The Sudan military announced Sunday it would reinstate Prime Minister Abdalla Hamdok, roughly a month after it deposed him and seized power from the transitional government he presided over.
The junta killed dozens of people while it struggled to put down massive protests against the coup.
Hamdok’s return was the result of “weeks of negotiations” with junta leaders, according to Deutsche Welle (DW). Hamdok said he accepted the deal proffered on Sunday to avoid further bloodshed:
“Sudanese blood is precious, let us stop the bloodshed and direct the youth’s energy into building and development,” Hamdok said on Sunday.
The country’s top military leader, General Abdel Fattah Burhan, thanked Hamdok for his service and said the prime minister “was patient with us until we reached this moment.”
The 14-point deal also includes a pledge from the military that all political detainees would be released.
Hamdok has been under house arrest since the coup on October 25. A military official said on Sunday that his house arrest has been “lifted” and “the forces guarding his house have withdrawn.”
Protests continued even after the military announced Hamdok’s return as pro-democracy groups insisted the coup leaders should be stripped of their authority and prosecuted for their actions.
Military forces met a march on the presidential palace in Khartoum on Sunday with rubber bullets and tear gas and did the same to large demonstrations in the cities of Omdurman and Bahri. At least one teenage protester in Omdurman was reportedly killed.
“We affirm our clear and previously declared position that there is no negotiation, no partnership, no legitimacy for the coup. We are not concerned with any agreements with this brute junta and we are employing all peaceful and creative methods to bring it down,” declared an influential activist group called the Forces for the Declaration of Freedom and Change.

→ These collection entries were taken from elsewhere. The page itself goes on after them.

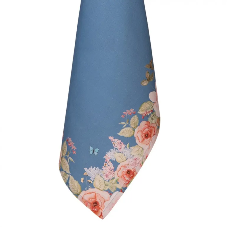 De serie is gemaakt van katoen en op een blauweachtergrond bevind zich een fleurige bloemenprint. Een uniek door Clayre & Eef zelf ontworpen design dat perfect te combineren is met ander textiel uit dezelfde serie met o.a een tafelkleed, keukenschort, keukendoeken, ovenhandschoenen, pannenlappen, broodmandje en een tafelloper.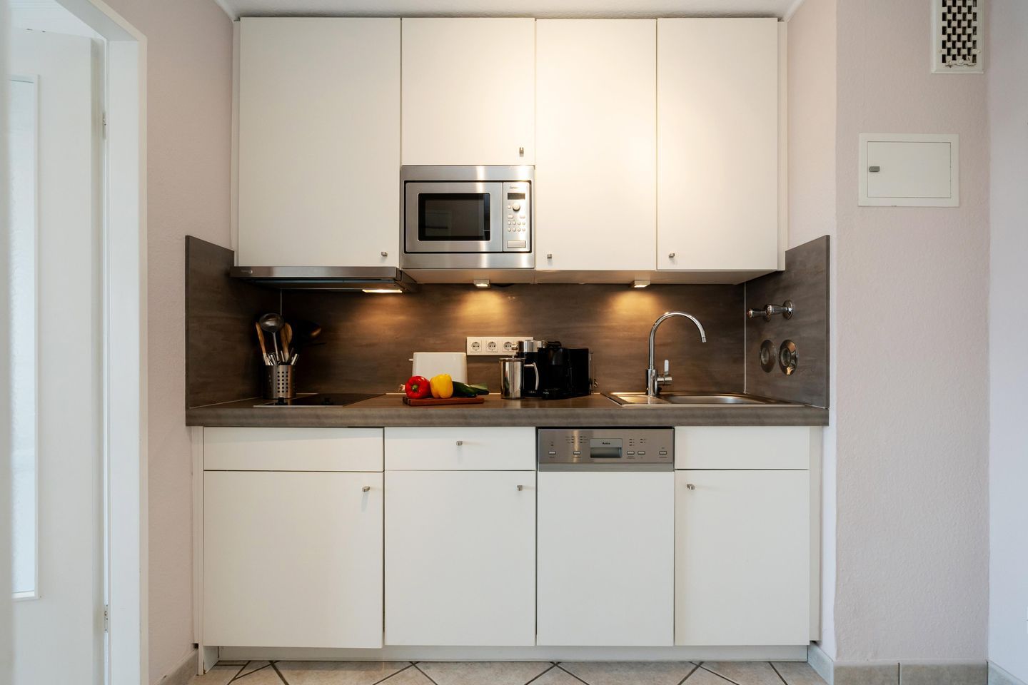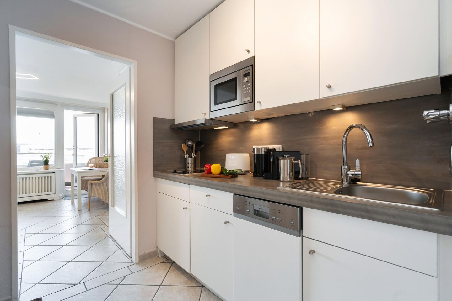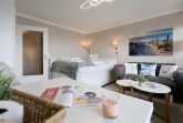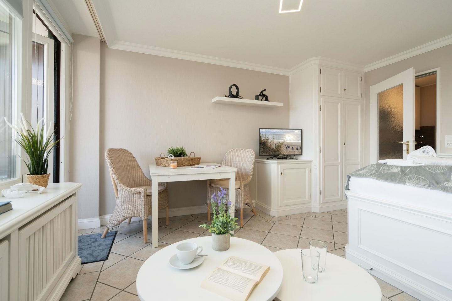 Das moderne ca. 30 m² große 1-Zimmer App. Küstenmuschel für 1-2 Personen befindet sich im 3.OG und bietet Ihnen eine gute Ausstattung in direkter Stadt- und Strandlage (Landseite), unweit entfernt vom Strandübergang der Westerländer Promenade. Die Küchenzeile inkl. Cerankochfeld, Kühlschrank, Mikrowelle und Geschirrspüler ist gut ausgestattet. Der angrenzende Wohn- und Schlafbereich mit Podestdoppelbett (160x200 cm) und Essbereich lädt zur Entspannung ein. Das Vollbad inkl. Badewanne samt Duschvorrichtung ist mit einem Haartrockner ausgestattet. Nutzen Sie gerne den sonnendurchfluteten Frühstücksbalkon inkl. Balkonmöbel. Ein Haus internes WLAN sowie ein Fahrstuhl sind vorhanden. Haustiere sind willkommen. Im Kellergeschoss stehen Ihnen Waschmaschinen und Wäschetrockner (gebührenpflichtig) zur Verfügung.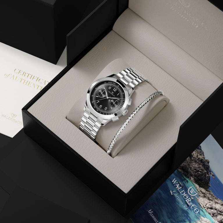 Packaging: Black box with beige leather interior, certificate and manual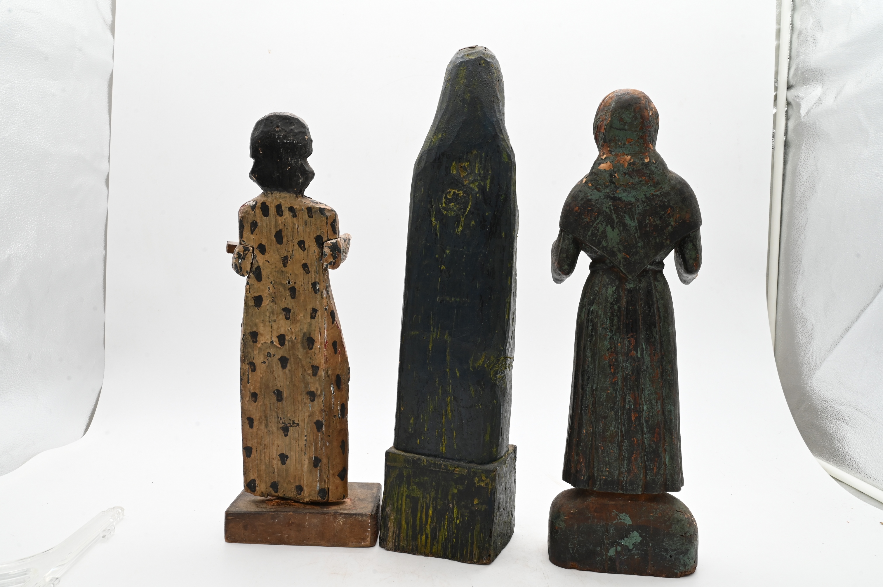 Three Painted Carved Religious Figures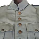Mooie buitenmodel jas van een sergeant der infanterie het jasje is in een goede staat en voorzien van al zijn originele knopen en emblemen. De rangschillen op de mouwen zijn nog in een zeer goede staat. De voorzijde van de jas heeft wat verkleuring, ontstaan door het zonlicht. Prima jasje om een mooie Sergeant der infanterie opstelling te maken.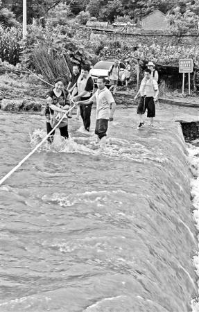 洪水沖毀了龍泉峪村連接外界的唯一橋梁,第一書記肖學(xué)成和村干部找來繩索,固定河道中的一棵大樹后進村救人。村民們背著包,志愿者們背著老人,一趟一趟轉(zhuǎn)移。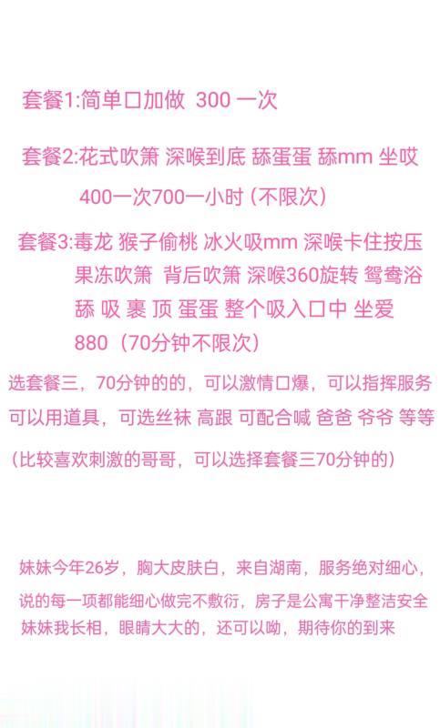 凡是有要求路费/定金/保证金/照片验证/视频验证等任何提前付费的行为,千万不要上当。同时也请注意仙人跳,在寻欢前不要露富和带过于贵重随身物品。本站为分享信息并不对寻欢经历负责,碰到有问题的信息,请及时举报给我们删除信息。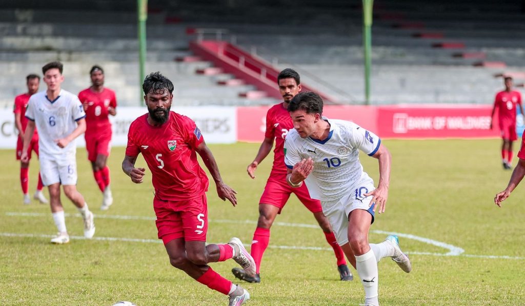 Their first opportunity came in the 11th minute when midfielder Randy Schneider drove down the left flank, cut inside, and unleashed a curling shot from the edge of the area, forcing Maldives goalkeeper Mohamed Faisal into a reflex save.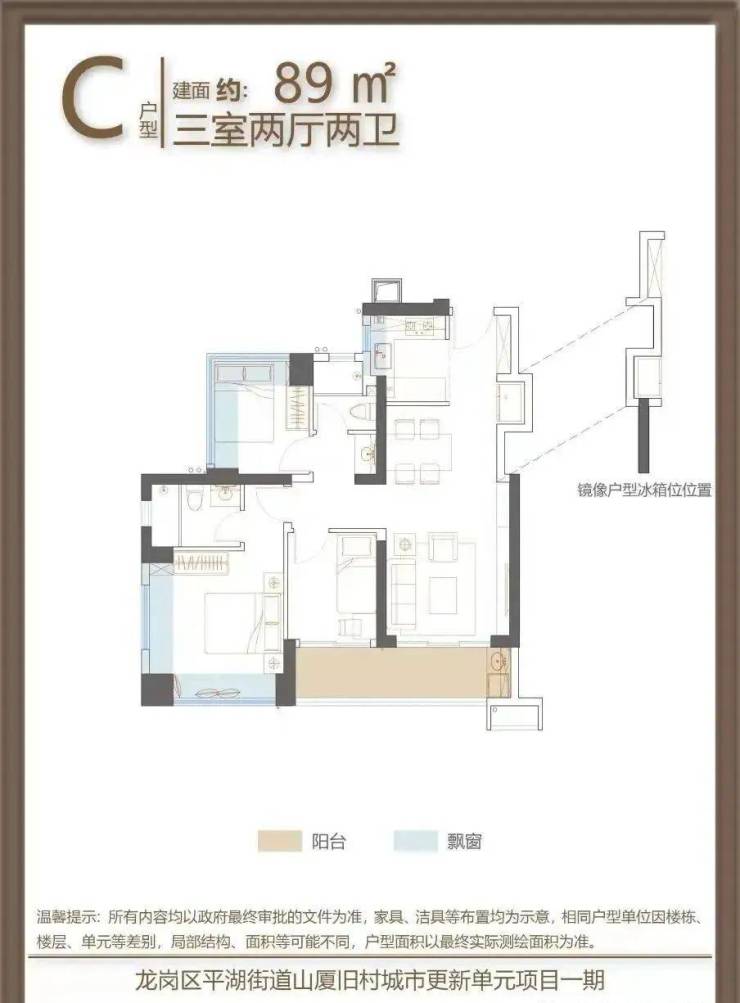 89㎡的3房2厅2卫,01.06户型,设计的是横厅南北通透格局,客餐厅6.12米开间,LDKB一体化,四开间朝南,主卧双飘窗南北通设计,3个卧室分别做到了主卧13.6㎡/次卧8.83㎡/次卧7.59㎡(包含墙体飘窗),L型厨房,卫生间干湿分离,得房率约91.14%(包含赠送),阳台主朝西南或东南向。
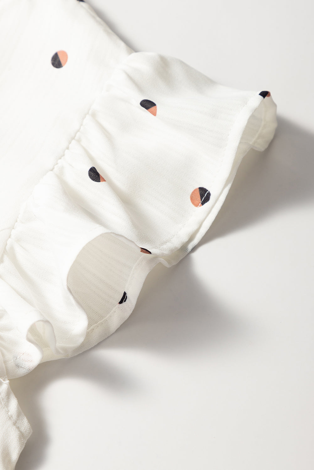 White Polka Dot Print Ruffled Shoulder V Neck Tank Top
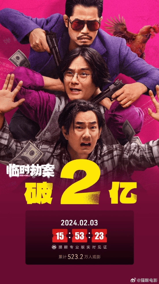 据猫眼专业版数据,电影《临时劫案》上映16天 ,总票房破2亿。目前豆瓣评分6.2分。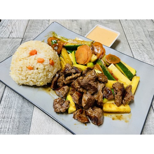 tenderloin filet mignon, mushroom grilled with teriyaki served with vegetable mix, fried rice, house soup or house salad

Other opponents of the junta accused Hamdok of “selling out the revolution” and letting his supporters down by cutting a deal with coup leaders. The influential Sudanese Professionals Association denounced Hamdok’s agreement with the junta as “treacherous.”
The Central Committee of Sudan Doctors (CCSD) reported on Sunday there have been at least 40 fatalities since October 25. 16 of them occurred on November 17, the bloodiest day of the coup.
The report condemned November 17 as a “massacre by security forces” and dismissed claims by security officials that “police used minimal force and tear gas, and never used a firearm” against demonstrators. CCSD said there over 100 serious injuries on that one day, many of them inflicted by live ammunition and “bullet debris.”